*** Recorded information Section Begins ***
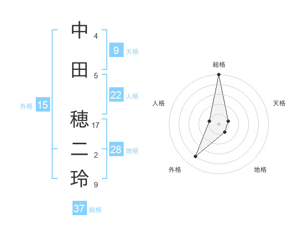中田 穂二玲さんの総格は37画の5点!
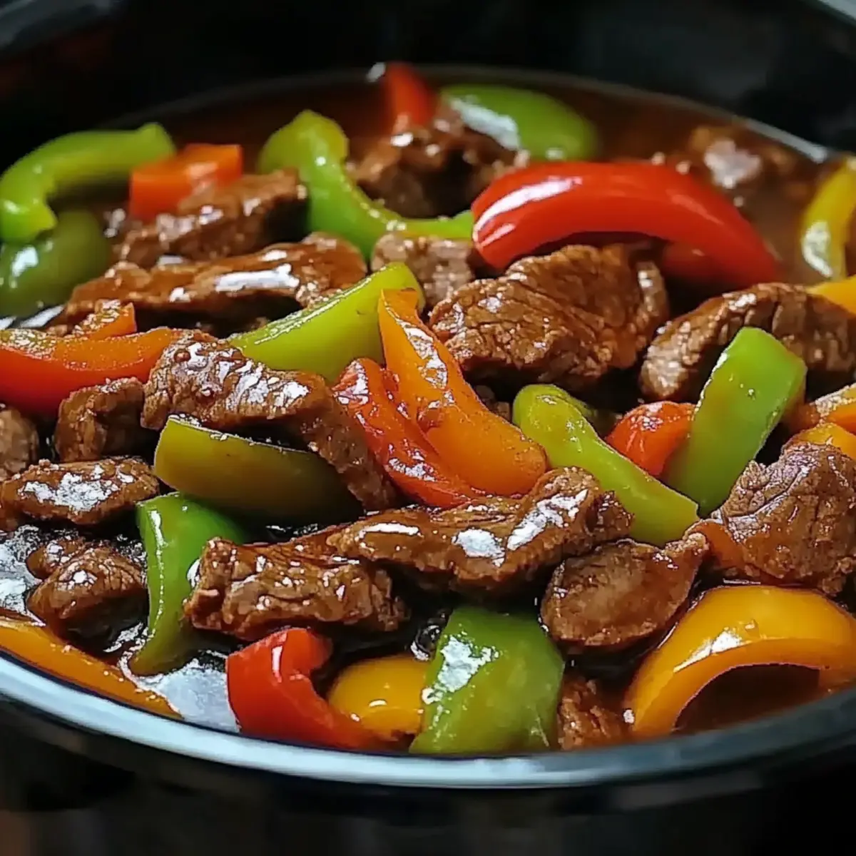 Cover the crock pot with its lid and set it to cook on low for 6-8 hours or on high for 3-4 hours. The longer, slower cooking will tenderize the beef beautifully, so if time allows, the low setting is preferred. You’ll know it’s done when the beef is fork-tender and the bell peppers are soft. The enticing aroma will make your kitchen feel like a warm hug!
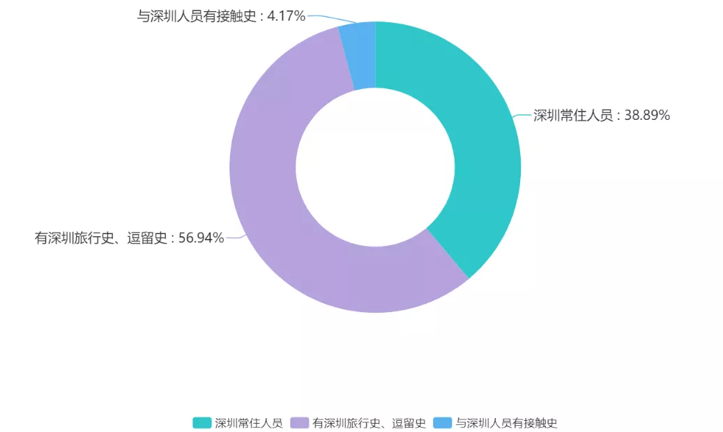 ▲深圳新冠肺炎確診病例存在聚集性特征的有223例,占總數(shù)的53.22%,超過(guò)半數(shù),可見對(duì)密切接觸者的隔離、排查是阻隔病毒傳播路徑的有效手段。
*** Recorded information Section Ends ***
Task directions: Excluding pictures, reproduce the listing above exactly as it stands.

Response to the exercise:
中田 穂二玲さんの総格は37画の5点!
 Cover the crock pot with its lid and set it to cook on low for 6-8 hours or on high for 3-4 hours. The longer, slower cooking will tenderize the beef beautifully, so if time allows, the low setting is preferred. You’ll know it’s done when the beef is fork-tender and the bell peppers are soft. The enticing aroma will make your kitchen feel like a warm hug!
 ▲深圳新冠肺炎確診病例存在聚集性特征的有223例,占總數(shù)的53.22%,超過(guò)半數(shù),可見對(duì)密切接觸者的隔離、排查是阻隔病毒傳播路徑的有效手段。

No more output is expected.